Imagina que a tua campainha inteligente te envia uma notificação a dizer: “O João, o teu vizinho, está à porta”. Conveniente, certo? Agora, imagina que essa mesma tecnologia está a criar uma base de dados com o rosto de todas as pessoas que passam na tua rua – amigos, carteiros, crianças a brincar – sem o seu consentimento. Assustador? É precisamente este o dilema no centro da mais recente e controversa funcionalidade da Amazon para as suas populares câmaras e campainhas Ring.
A empresa anunciou uma nova funcionalidade chamada “Familiar Faces” (Rostos Familiares) que, como o nome indica, dá às tuas câmaras a capacidade de usar reconhecimento facial para identificar pessoas. A funcionalidade ainda nem foi lançada, mas já está a gerar uma onda de críticas e preocupação por parte de especialistas em privacidade, utilizadores e até de pessoas que simplesmente vivem num bairro cheio de dispositivos Ring.
Como funciona o “reconhecimento facial” da tua campainha?
A ideia, no papel, é simples. Quando a tua câmara Ring detetar uma pessoa, poderás “etiquetá-la” na aplicação com um nome. Por exemplo, podes criar um perfil para o teu vizinho, um familiar ou o estafeta que te entrega as encomendas. A partir desse momento, sempre que essa pessoa for detetada, a notificação que recebes será personalizada (“A avó está à porta”), e poderás pesquisar facilmente na aplicação por todos os vídeos em que essa pessoa aparece.
A funcionalidade, que será lançada em dezembro para os novos dispositivos da marca, virá desligada por defeito e exigirá uma subscrição paga do serviço Ring Home Premium.

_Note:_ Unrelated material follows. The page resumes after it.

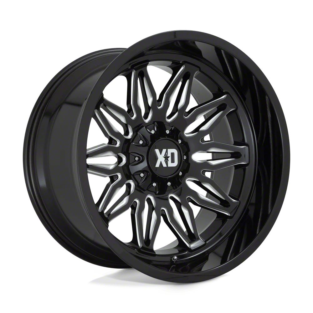 XD Gunner Gloss Black Milled Wheel; 22x12 The XD Gunner Gloss Black Milled Wheel combines a sleek, sophisticated design with premium construction that enhances the visual appeal and complements a wide range of vehicle styles. This wheel is perfect for those seeking to make a bold statement while maintaining elegance and robustness.
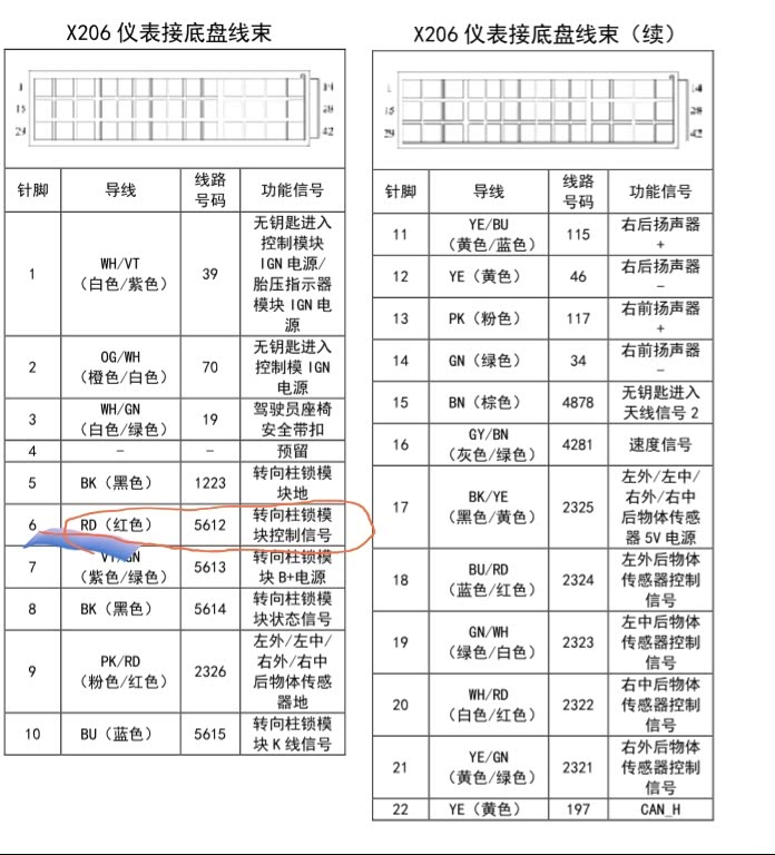 看接插件端线束分布图 X206 仪表接底盘线束 6号针脚(转向柱锁模块控制信号)万用表测量存在线路电阻过高 尝试调紧针脚均无果 线束两端测量阻值不稳定 或者一摇晃线束就会有电阻阻值变化 断定就是所谓的虚接吧 6号针脚存在接解不良

No entanto, estas salvaguardas não estão a ser suficientes para acalmar os ânimos.

O “Big Brother” à porta de casa: as razões do pânico
A controvérsia em torno do “Familiar Faces” assenta em três grandes preocupações: legais, de consentimento e de segurança.
A responsabilidade legal é tua (e boa sorte com isso)
Numa declaração ao The Washington Post, um porta-voz da Ring colocou o ónus legal inteiramente sobre o utilizador, afirmando que é da responsabilidade do proprietário da câmara seguir as leis locais que exigem o consentimento de uma pessoa antes de a identificar com reconhecimento facial.
Isto cria um autêntico campo de minas legal para o consumidor. Como é que se obtém o consentimento explícito do carteiro? E dos amigos dos teus filhos que vêm brincar? É uma forma de a Amazon se proteger legalmente, transferindo toda a responsabilidade para ti.
E quem não tem uma Ring? O problema do consentimento
A questão mais vasta é a da privacidade do público em geral. Qualquer pessoa que caminhe na via pública pode ter o seu rosto capturado, analisado e armazenado numa base de dados privada de um utilizador da Ring, sem o seu conhecimento ou consentimento. Com milhões de câmaras Ring instaladas em todo o mundo, esta funcionalidade contribui para a criação de uma vasta e descentralizada rede de vigilância por reconhecimento facial.
O passado sombrio da Ring e a desconfiança nos dados
A confiança do público na capacidade da Ring para gerir estes dados biométricos sensíveis é extremamente baixa, e por boas razões. A empresa tem um historial problemático de privacidade, que inclui casos de hackers a acederem a câmaras dentro das casas das pessoas e, mais grave ainda, relatos de funcionários da própria empresa que espiaram as filmagens privadas dos clientes. Com este currículo, a promessa de que irão guardar os teus dados faciais de forma segura soa a oco para muitos.
A desconfiança é tal que a Amazon já admitiu que a funcionalidade não será lançada em locais com leis de privacidade mais rígidas, como os estados do Illinois e do Texas, nos EUA. É um reconhecimento implícito de que a sua tecnologia opera numa zona cinzenta da legalidade.
Embora a Google tenha uma funcionalidade semelhante nas suas câmaras Nest, a grande diferença é que os modelos mais recentes da Google processam e armazenam estes dados localmente no dispositivo, de forma encriptada, em vez de os enviarem para a nuvem.
A reação online tem sido esmagadoramente negativa, com muitos utilizadores da Ring a ameaçarem cancelar as suas subscrições. A conveniência de saber quem está à porta parece, para muitos, um preço demasiado alto a pagar pela erosão da privacidade, tanto a sua como a de toda a sua vizinhança.